• Provided material:
──────
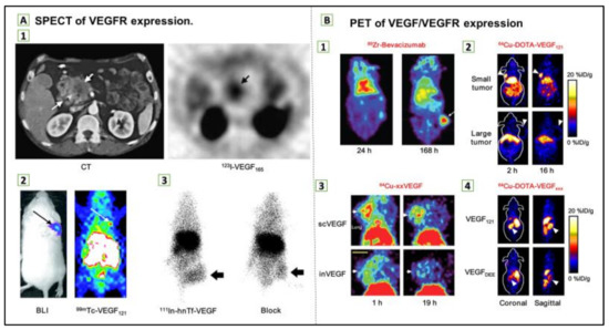 (A) Single-photon emission computed tomography (SPECT) of vascular endothelial growth factor receptor (VEGFR) expression. (1) Transverse CT image of pancreatic adenocarcinoma patient (left) and transverse SPECT image of the same patient at 1.5 h after injection of 123I-VEGF165 (right). (2) Bioluminescence imaging (BLI; after injection of d-luciferin) and SPECT images (after injection of 99mTc-VEGF121) of a tumor-bearing mouse. Tumor cells were transfected with firefly luciferase. (3) Posterior whole-body images of tumor-bearing mouse at 48 h after injection of 111In-hnTf-VEGF and after coinjection of 100-fold excess of unlabeled apotransferrin (block). Arrows in all images indicate tumors. (B) Positron emission tomography (PET) of VEGF/VEGFR expression. (1) Coronal small-animal PET images of a tumor-bearing mouse at 24 and 168 h after injection of 89Zr-bevacizumab. (2) Coronal small-animal PET images of U87MG tumor-bearing mice at 2 and 16 h after injection of 64Cu-DOTA-VEGF121. The small tumor expressed a high level of VEGFR-2, and the large tumor expressed a low level of VEGFR-2. (3) Coronal small-animal PET images of 4T1 tumor–bearing mice at 1 and 19 h after injection of either 64Cu-scVEGF (single-chain VEGF that binds to VEGFR) or the equivalent amount of 64Cu-inVEGF (inactive VEGF that does not bind to VEGFR). (4) Coronal and sagittal slices containing kidneys (arrowheads) at 4 h after injection of 64Cu-DOTA-VEGF121 (binds to both VEGFR-1 and VEGFR-2) or 64Cu-DOTA-VEGFDEE (VEGFR-2-specific). Arrows in 1–3 indicate tumors. Reproduced from [97].
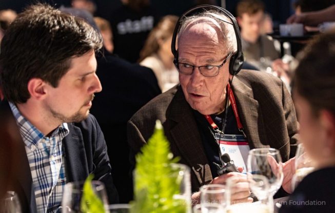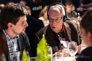Jorge Wagner em jantar com o Prof. Ivan Sutherland (Turing Award 1988), que, em 1968, apresentou o primeiro head-mounted display de Realidade Virtual, área em que Jorge trabalha atualmente. (Foto: Heidelberg Laureate Forum Foundation)
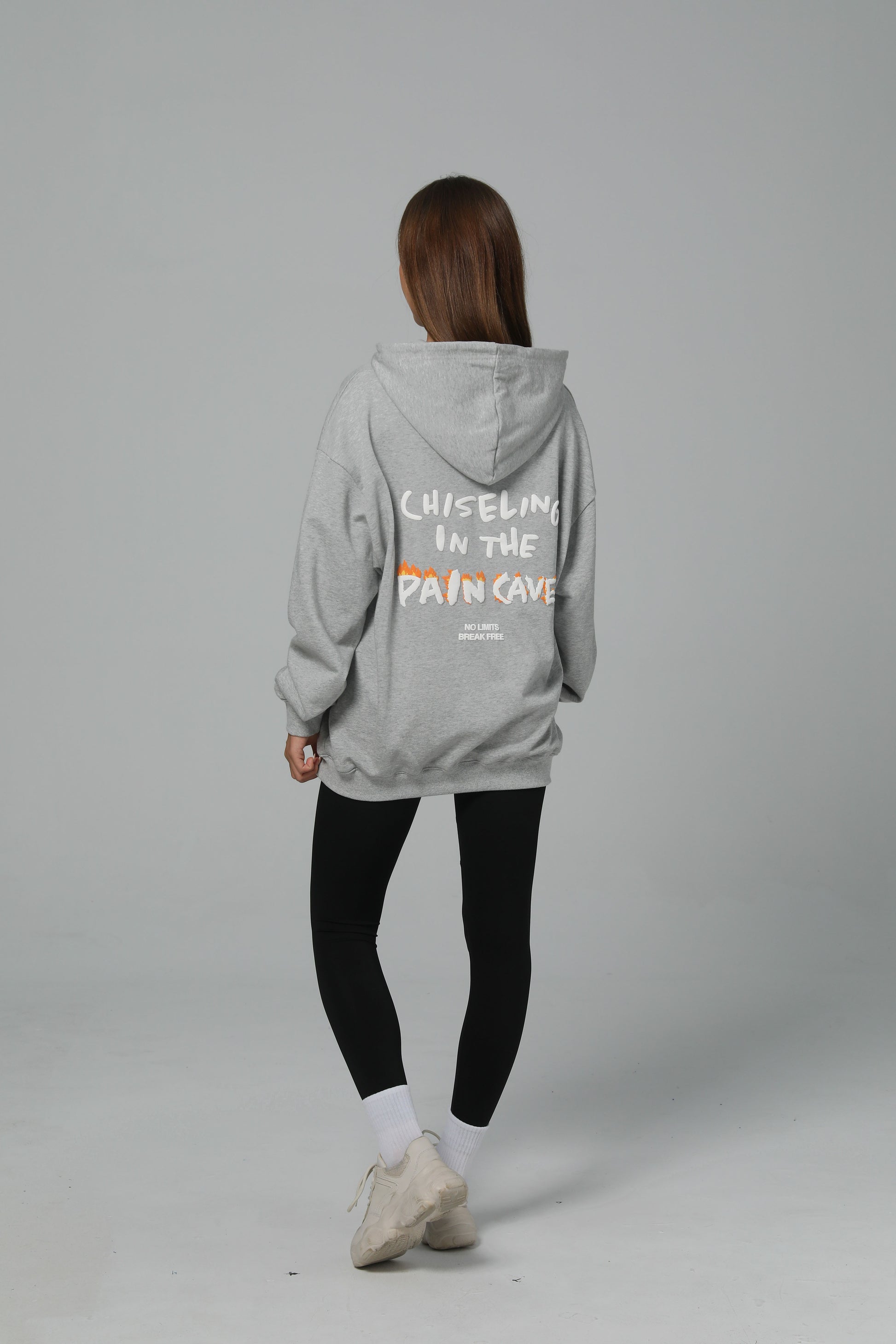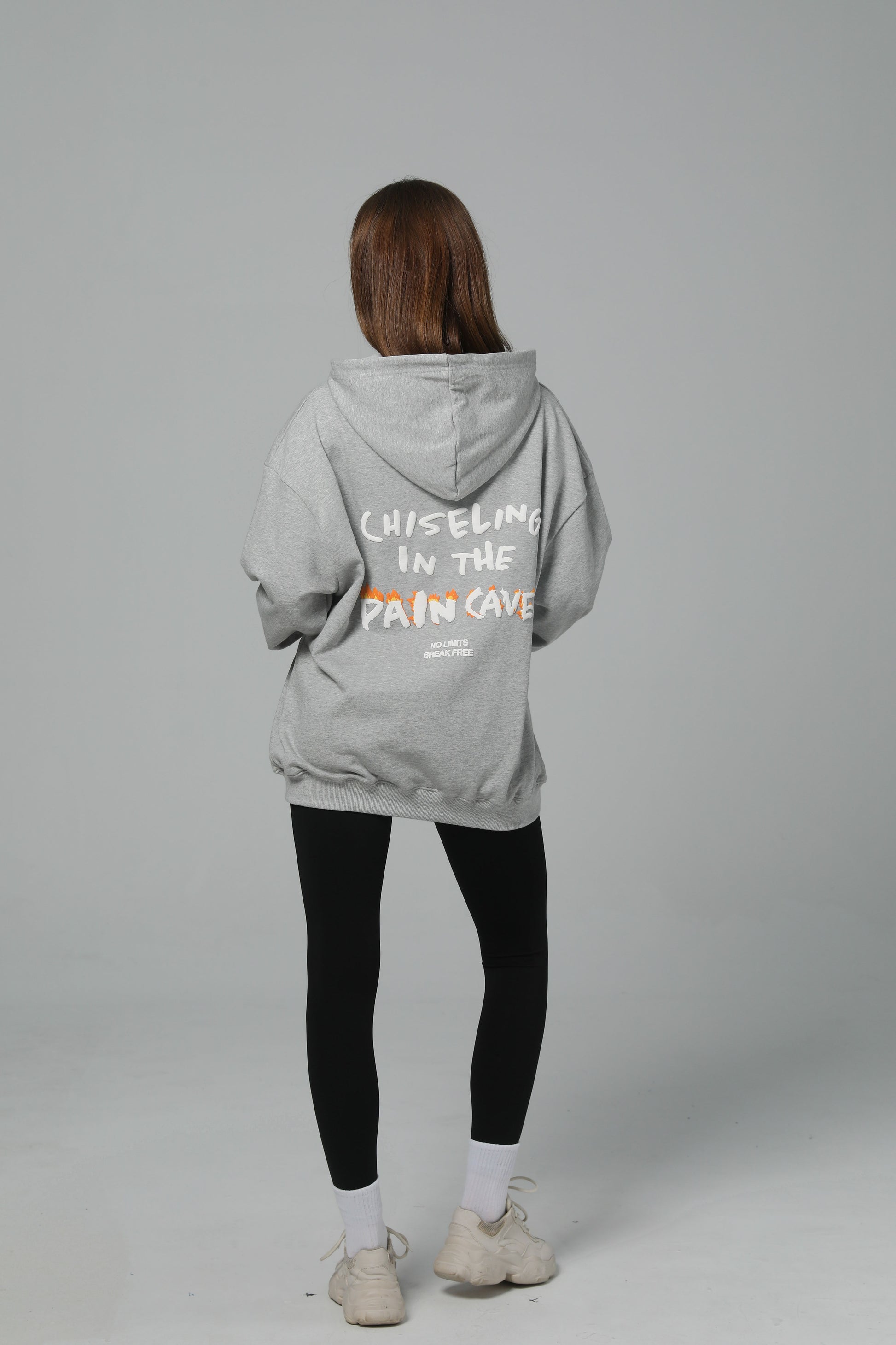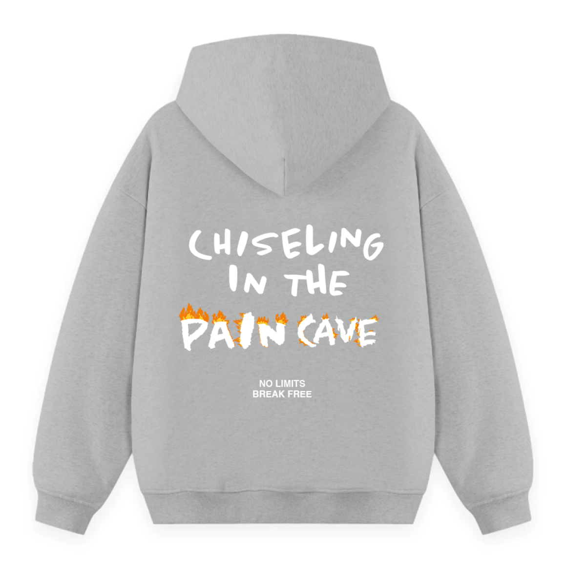 CHISELING IN THE PAIN CAVE HOODIE - CLOUD GRAY - PUFF PRINT
──────
• What the exercise asks: All lines from the line with "Jorge Wagner em" through the final line of the listing are to be printed exactly, both ends included; the pictures are not.

• Task answer:
Jorge Wagner em jantar com o Prof. Ivan Sutherland (Turing Award 1988), que, em 1968, apresentou o primeiro head-mounted display de Realidade Virtual, área em que Jorge trabalha atualmente. (Foto: Heidelberg Laureate Forum Foundation)
 CHISELING IN THE PAIN CAVE HOODIE - CLOUD GRAY - PUFF PRINT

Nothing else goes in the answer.